If I am a truly brilliant lawyer, capable of earning millions on my own, what otherworldly force is going to persuade me to work for a bunch of private equity oiks or one of the Big Four, in order to earn the same or less and be told what to do by people who aren’t lawyers?

That only leaves us with disintegration of the model, which seems to be the only way to break the strangulation-hold of BigLaw, which I think is the real driver of Bruce’s article.

Disintegration is flattening the flabby middle of the profession, but we’re a long way off being able to process-ise all the difficult bits, even if we ever can. The word I invite you to Google (other search engines are available) is “heuristic”. My dog has better heuristic capability than most so-called heuristic AI at the moment, and he spends a lot of time convinced that his own tail is not part of him.

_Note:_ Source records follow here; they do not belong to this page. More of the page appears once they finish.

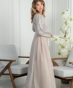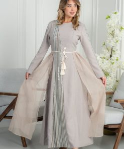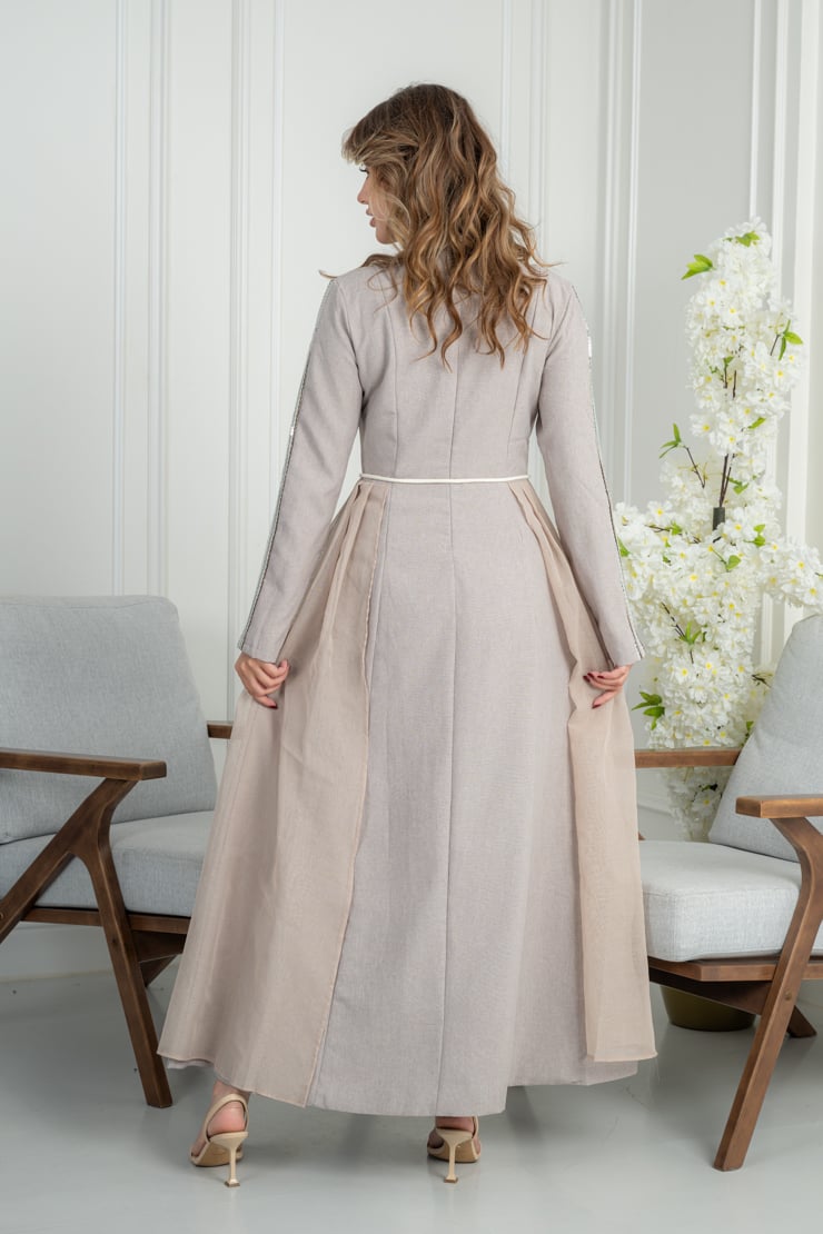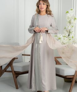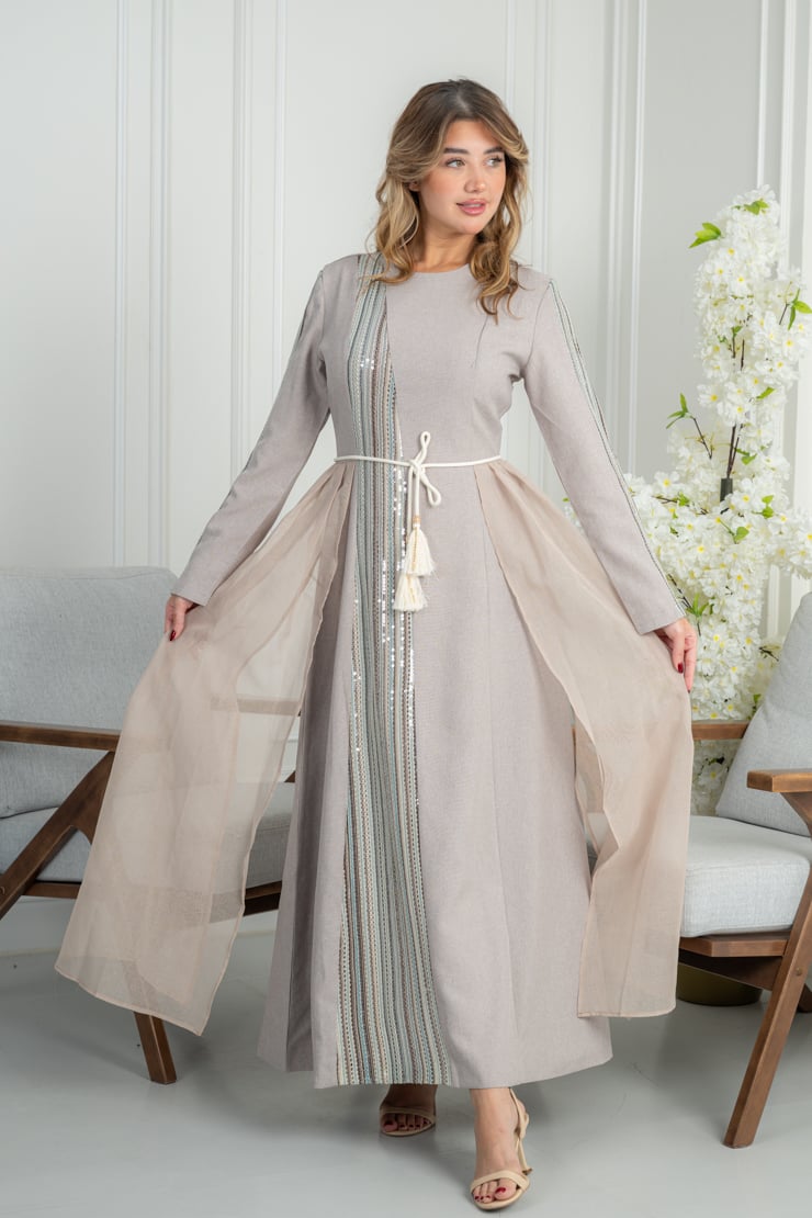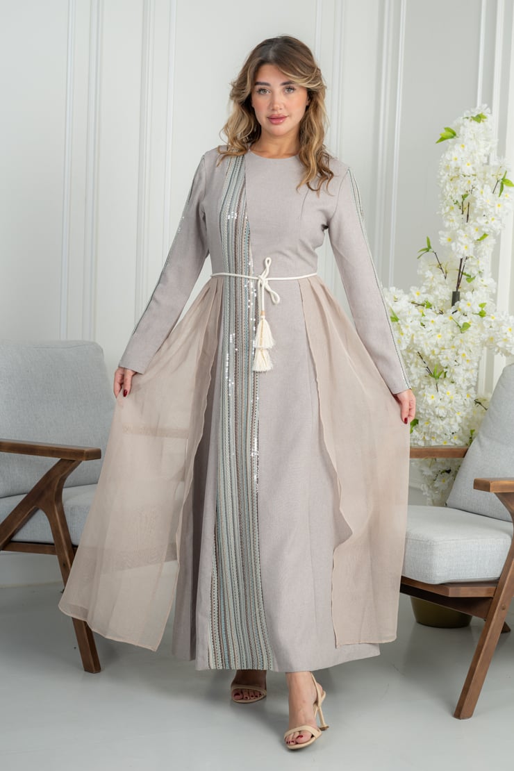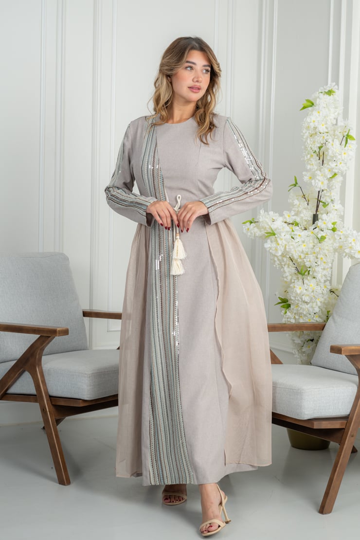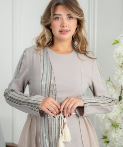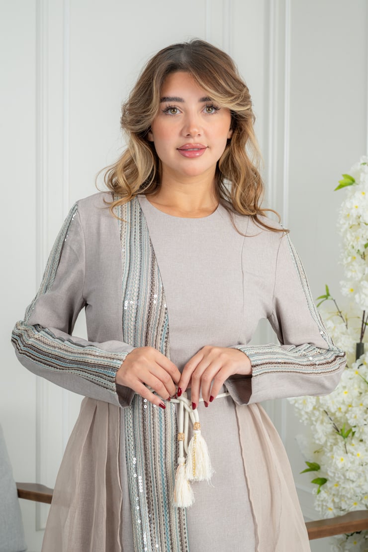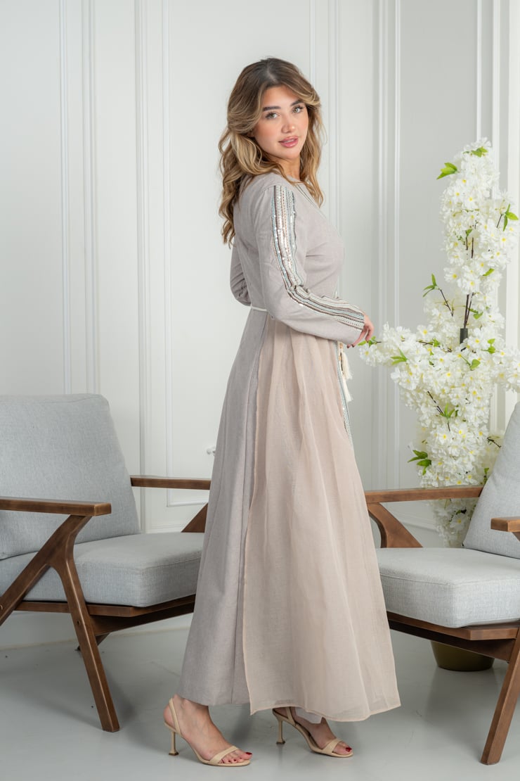 دار الجلابية – عباية كتان بكلفة و تطريز ترتر علي الكم
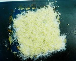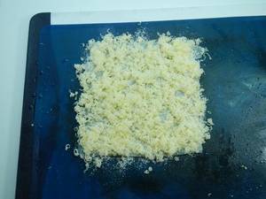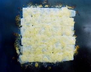 Gitter mit etwas Mehl bestäuben. Käse auf extrem scharfer Reibe zu feinem Schnee reiben, Gitter mit der Hälfte des Käses gleichmäßig bestreuen.
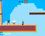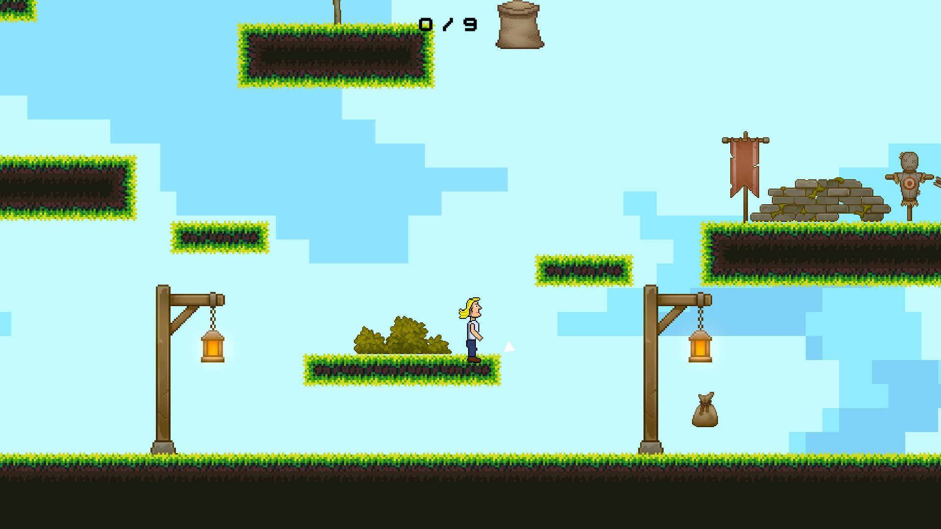 Foddian pixel platformer, where you have to deliver packages which affect your journey to houses all over the map.
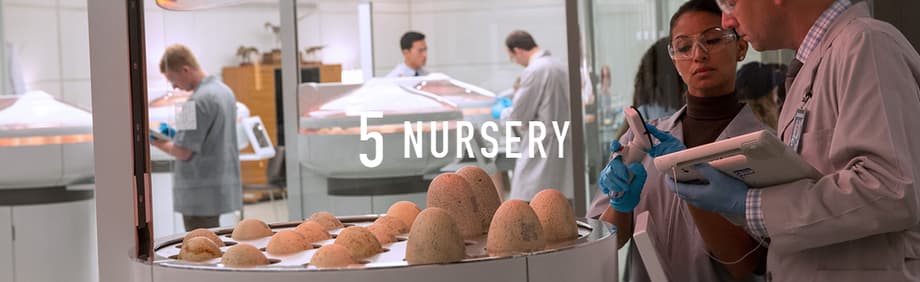The dinosaur DNA is inserted into eggs that allow a baby dinosaur to quickly grow to maturity. The eggs are monitored and kept at conditions that simulate their mother’s nest until they’re ready for the nursery.
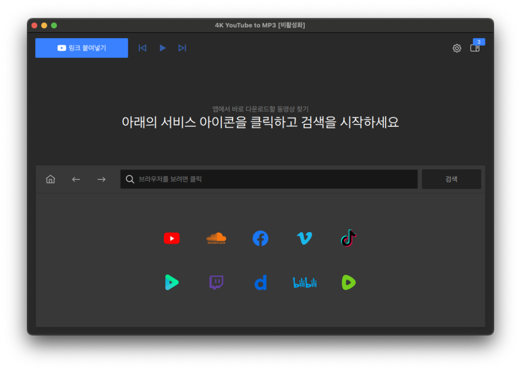 실행하면 위와같은 화면이 나옵니다. 이제 실제로 유튜브 음원을 MP3로 바꿔볼게요.

Partnership may be a painful management model – Bruce MacEwen imagines it as a virus, which “runs amok” in firms – but that somehow intimates that corporates don’t have their own backstabbing snakes or endless layers of troublesome politics. I’ve worked in them all my life, and beg to differ.

One could argue that the mechanism of partnership – flat hierarchy, ambiguous authority, constellations of power (per the Empson analysis) – is uniquely well-suited to an industry which is mostly about slowing things down and progress by the inch rather than Great Leaps Forward.

Bruce’s final point is that hoary chestnut which bedevils marketers: do clients choose the lawyer or the firm. It’s true, just because the top engineer moves from BMW to Audi you’re not going to switch brands (though you may do eventually, if that gives Audi enough of an advantage…) but I think that’s the wrong lense. If my favourite Formula One racing driver moves from Red Bull to Ferrari, my loyalty’s going to follow him. I don’t care about which team it is because they’re essentially driving what appears to be the same car, underneath the advertising slogans.

In law firms, the ‘team’ is, simply, the vehicle for intellectual talent. As a client, my money moves where the brains are. Always has, always will. In BigLaw, excellence will always trump “process”, because process only gets you so far. As with Formula One, even if you have the best driver, you still need the great engineering beneath.

I’ve always found that success itself is rather a good guide to, er, success.

Pulling a dusty directory from my shelf, dated 1990, I can scan through the top law firms in the UK, 25 years ago. Clifford Chance. Linklaters. Freshfields. Allen & Overy. Slaughter and May.

If Amazon, Apple, Facebook, Google and Tesla are all still around in 25 years, I’ll eat the tablet you’re reading this on. Freshfields, it is worth remembering, is older than the United States of America.

The turkeys, it seems, are very much alive, kicking, and whatever they’re rolling in, it ain’t cranberry sauce.